Media watchdog NIMF shutting down
National Institute on Media and the Family to close doors after nearly 14 years, marking an end to Video Game Report Card program.
While a rush of huge new releases dominates the gaming world at this time of year, the holiday quarter has also played host to the National Institute on Media and the Family's annual Video Game Report Card. That ends this year, as the NIMF today announced its dissolution, effective December 31.
NIMF is currently in discussions to have some of its programs and initiatives adopted by other nonprofit organizations, both local and national. However, an NIMF spokesperson confirmed for GameSpot that the Video Game Report Card is not among the continuing programs.
In announcing the group's closure, NIMF founder Dr. David Walsh said that discussions about passing off its programs to other organizations have been taking place for the past two years, but "the current challenging economic environment accelerated those discussions."
Over the years, NIMF frequently butted heads with the Entertainment Software Rating Board.
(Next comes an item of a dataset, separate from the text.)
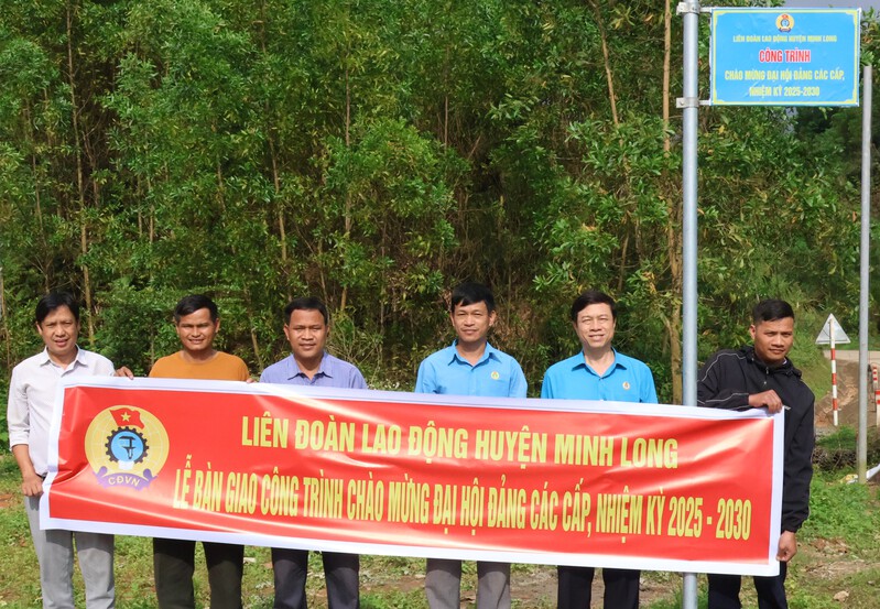 Liên đoàn Lao động huyện Minh Long vừa tổ chức bàn giao công trình thi đua chào mừng Đại hội Đảng các cấp nhiệm kỳ 2025-2030. Phó Chủ tịch Liên đoàn Lao động tỉnh Vũ Hoài Phương đến dự.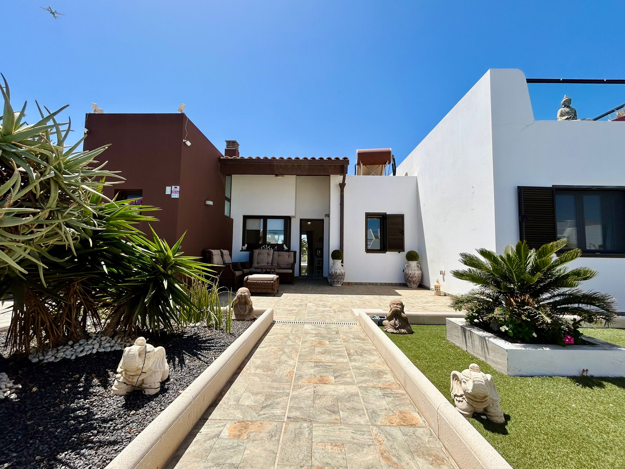 This stunning south facing villa enjoys a prime frontline position on the prestigious Fuerteventura Golf Course, combining elegant design with everyday comfort and functionality.

Notably, in the wake of the Grand Theft Auto: San Andreas "Hot Coffee" scandal, the NIMF labeled the ESRB system "beyond repair." In 2007, when a hacker found a way to restore the M-for-Mature-rated Manhunt 2 to the previously rated AO-for-Adults-Only version, the NIMF took the ESRB to task for failing to keep up with the technology it was rating. (An uncut, AO-rated version on Manhunt 2 was released online earlier this year.)
The watchdog group's tone toward the ratings body softened in recent years, with the 2008 report card giving the ESRB an "A" grade. That assessment came two months after the Entertainment Software Association, which owns the ESRB, awarded the NIMF a $50,000 grant to "develop an online e-learning zone for using the latest interactive technologies to help kids and adults understand the issues and potential areas of concern with the Internet."